I thought he meant it in the sense of being comrades. Brothers in arms.”

  “Are we supposed to know what you’re talking about?” Bastien asked cautiously.

  “Lissa and her aunt just gave us the identity of the ringleader of the Bratya. The Russian spy.”

  “A spy?” Ashe exclaimed.

  “Long story,” Max bit out. “I need to talk to Jennie Finch. Now that we know who to target, maybe she can drill down into Petrov’s life and find more evidence on him.”

  “Dude,” Bastien said regretfully. “We don’t have any evidence. We just have Lissa pointing at a name on a piece of paper.”

  Max opened his mouth to defend her—which was sweet of him—but she placed a restraining hand on his arm. “I’ve got this,” she said.

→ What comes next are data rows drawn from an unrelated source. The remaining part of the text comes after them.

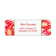 Festive return address labels with editable script letters in red, on a white background with a gold sides, on a red poinsettia allover holiday pattern.
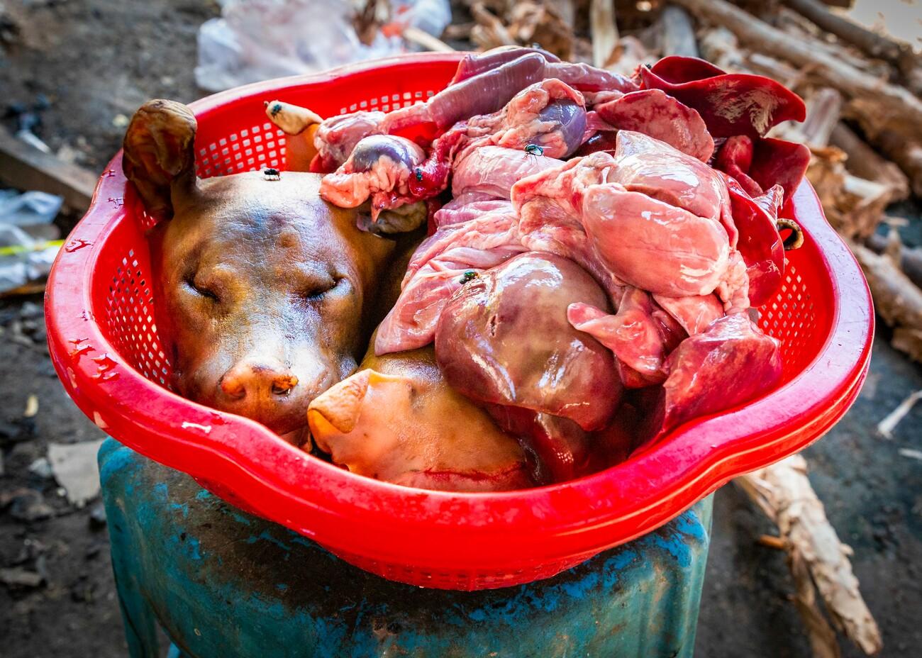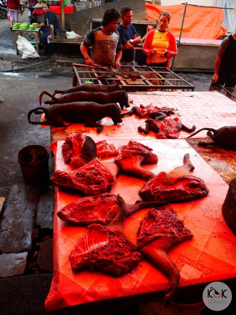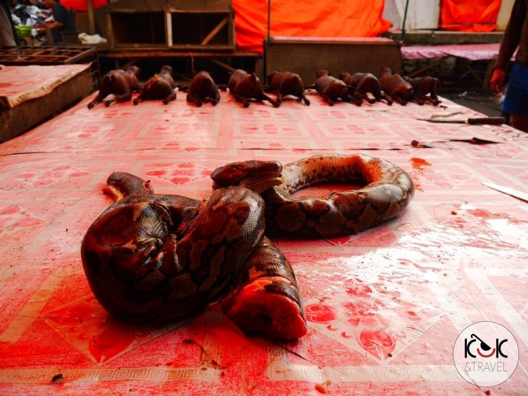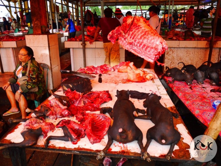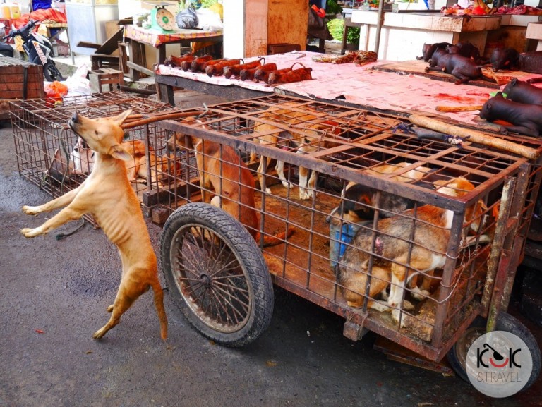 Помимо стандартной еды на любом местном рынке, такой как: овощи, фрукты, рыба, вы также увидите собаку, кота, обезьяну или мясо летучей мыши. На прилавках будут крысы, питоны и вам попадутся запертые в клетках кошки и собаки, которые через несколько часов пойдут на жестокий убой… и происходит это там на рынке на глазах у других людей и маленьких детей, как будто в этом нет ничего экстраординарного и жестокого.
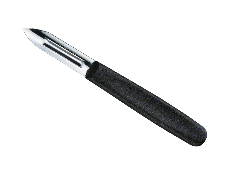 | Eplucheur Victorinox, deux fentes, manche polyamide noir Livrés par boîte de 20 uniquement et facturés à la pièce. |
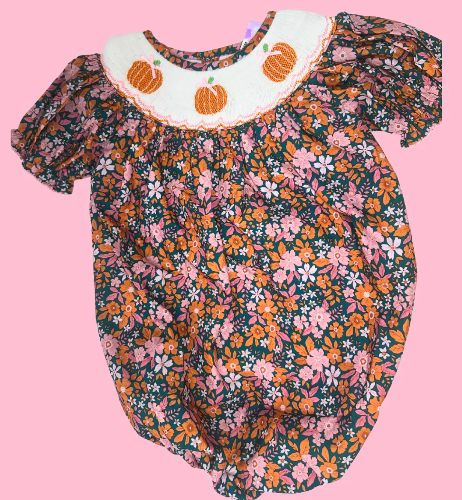 We've got your covered for all your little girl's fall outfit needs! This pink and orange smocked bubble is sure to be a favorite!
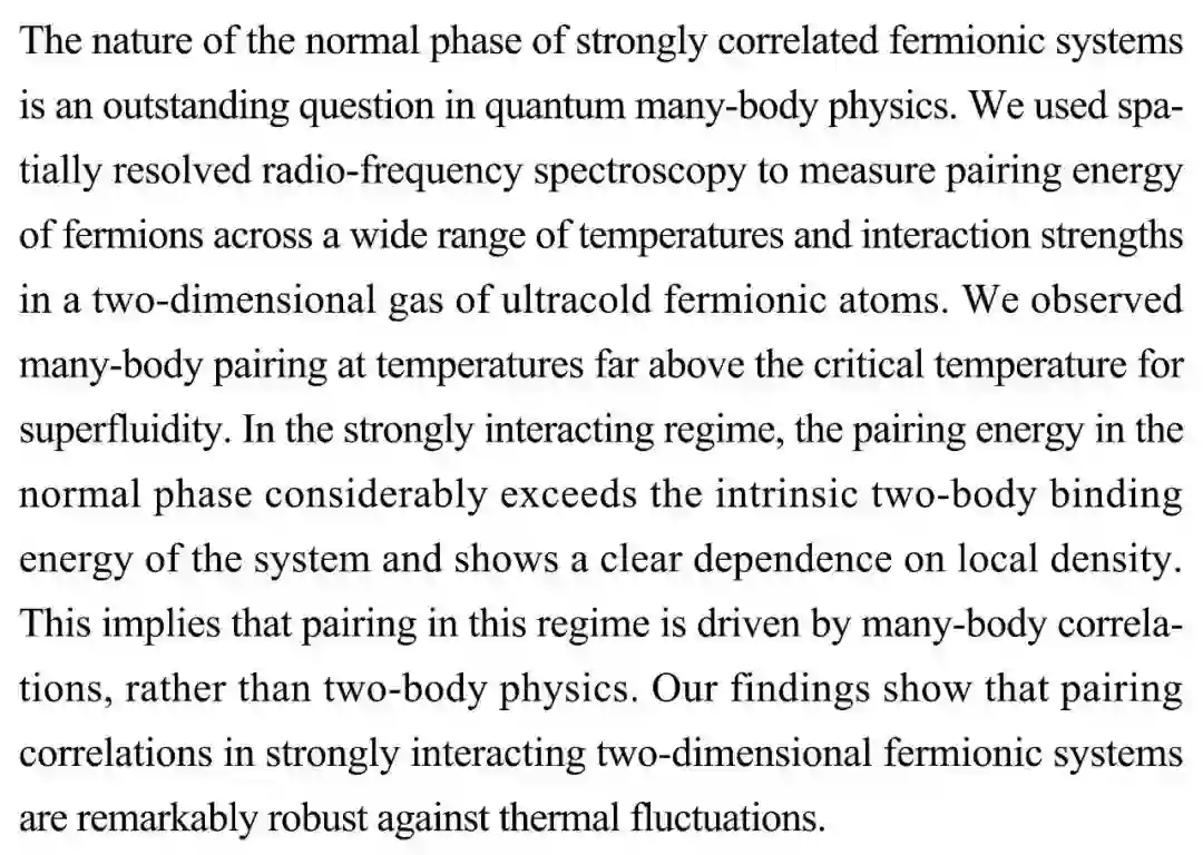 (导读 阿金)强相互作用费米系统的相位属性是量子多体物理学中的一个重要问题。本研究使用空间分辨射频光谱测量,在超过超流体临界温度以上观察到费米子多体配对现象。在超冷费米原子二维气体的强相互作用体系中,发现正常相位的配对能量明显超过系统内部双体结合能量,暗示了配对来源于多体互作用。

  “Did I or did I not find my aunt’s body?” she asked Bastien.

  “You did.”

  “And did I or did I not know your friends were SEALs without being told?”

  Bastien huffed.

  “I’m not asking you to believe in psychic powers. But I am asking you to allow for the possibility that, somehow, I know things from time to time.”

  One of the lookouts swept into the room. “Right now I’m asking you all to leave the building quickly by the back door. Police car just parked down the street. Local cop is making a foot patrol of the area.”

  “ETA?” Ashe asked.

  “Two minutes.”

  In well under half that time, the group had put Callista’s body back where they found it, exited the funeral home and run across the parking lot to hide in the shadows.

  Bastien whispered to Ashe, “If he checks the engines of the vehicles, they’ll still be warm.”

  “He’ll have to call it in. He’s not miked up, so he’ll have to go back to his squad car. We’ll egress then.”

  Ashe called it correctly. The cop felt the hoods of the cars, then moved off at a brisk pace toward his squad car. She and the others piled in the Land Rovers and went cross-country into the brush behind the funeral home parking lot until they hit another street. They were just driving docilely away from Lamarr City when a deputy sheriff’s car flew past them, light bar flashing, ignoring them.